Dáil debates

Wednesday, 13 July 2022

Rent Reduction Bill 2022: Second Stage [Private Members]

 

10:10 am

Photo of Paul MurphyPaul Murphy (Dublin South West, RISE) | Oireachtas source

All across the House. The vast majority of the landlords are on the Fianna Fáil-Fine Gael side and among the Independents who voted with the Government. If those landlords absented themselves tonight, as they should, and said it is too much to do with them, will impact their income and that it is clearly inappropriate for them to vote, there is every chance this Bill would pass.

It is worth looking at who these landlords are. Rory Hearne did very good work recently outlining the reality of these corporate landlords. IRES REIT, the largest private landlord in Ireland, owns close to 4,000 homes. US property corporate Kennedy Wilson owns close to 3,300 rental apartments. Irish property investor Urbeo is developing build-to-rent units, advertised as studio units, in Citywest in my constituency for €1,500 per month and two-bed apartments for €2,000 per month. US fund Greystar pre-bought 342 apartments being built in Griffith Avenue and advertises for a one-bed at €2,140. Rory Hearne also cites CSO data on new-build activity in Dublin in the first three months of this year showing that 1,151 newly built units were sold. Of these, first-time buyers bought just 217, or 19%. Non-household purchasers, overwhelmingly investor funds and REITs, bought 726, or 63% of all new builds in Dublin in the first quarter of 2022.

These corporations are getting massive public funds. IRES REIT got €8.7 million in rental income from the State via HAP in the first half of 2021. Fine Gael and Fianna Fáil have turned the Irish State into a vast funnel through which it can direct public moneys to landlords.

The Housing for All plan is completely dependent on the private market and on global investor vulture funds in particular. Of the €12 billion a year required to build the planned 33,000 homes each year, €10 billion will come from private capital sources. Of this, the "majority will be required from international sources", coming from well-established investors. The private market and investors are to provide 83% of new homes, with the State playing a small role and providing less than one fifth of all new builds. This encapsulates the disaster of the for-profit market and the commodity-driven approach to the housing crisis, which is why the crisis gets worse and worse day by day, week by week and month by month.

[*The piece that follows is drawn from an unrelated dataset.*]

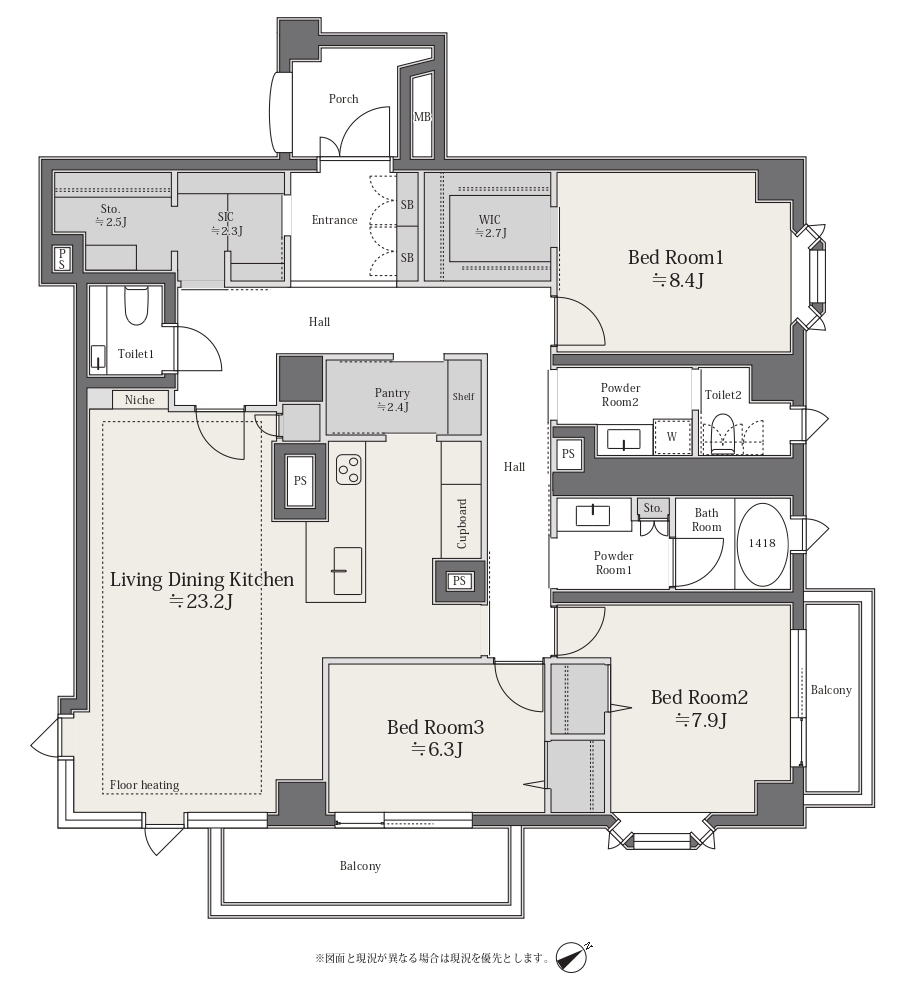 間取りは3LDK、キッチンを中心とした効率的な家事動線で、毎日を過ごしやすいように間取りを整えました。各洋室も十分なゆとりがあり、主寝室のウォークインクローゼットのほか、玄関のシューズインクローゼットやストレージ、キッチン横のパントリーなど十分な収納力を確保しました。

I presume we will hit the Government bingo later on and that the Minister of State will say this is unconstitutional as it interferes with the right to private property. We dispute that. We think the Government should do this and should then defend the case in the Supreme Court if that is where it goes. Even if the Government is right, that is precisely why we have introduced a Bill to insert the right to housing into the Constitution. We think the vast majority of people out there would agree that the right of ordinary people to housing comes before the supposed right of vulture funds, cuckoo funds and others to maximise their profits.

The Government won the confidence motion last night but I still do not think it has the confidence of ordinary people. As the slogan of the Arab Spring goes, what the Parliament does the streets can undo. This is now a weak Government. It is a Government that can be pressured and pushed from below if we manage to build a cost-of-living and housing movement like we did with the water charges. Such a movement, which will be holding a protest at 5 o'clock today in front of the Dáil and a major national protest on Saturday, 24 September, can force concessions out of this Government. At a certain time it will bring this Government down and open the possibility of a Government that does not govern in the interests of the big corporate landlords but instead in the interests of ordinary renters.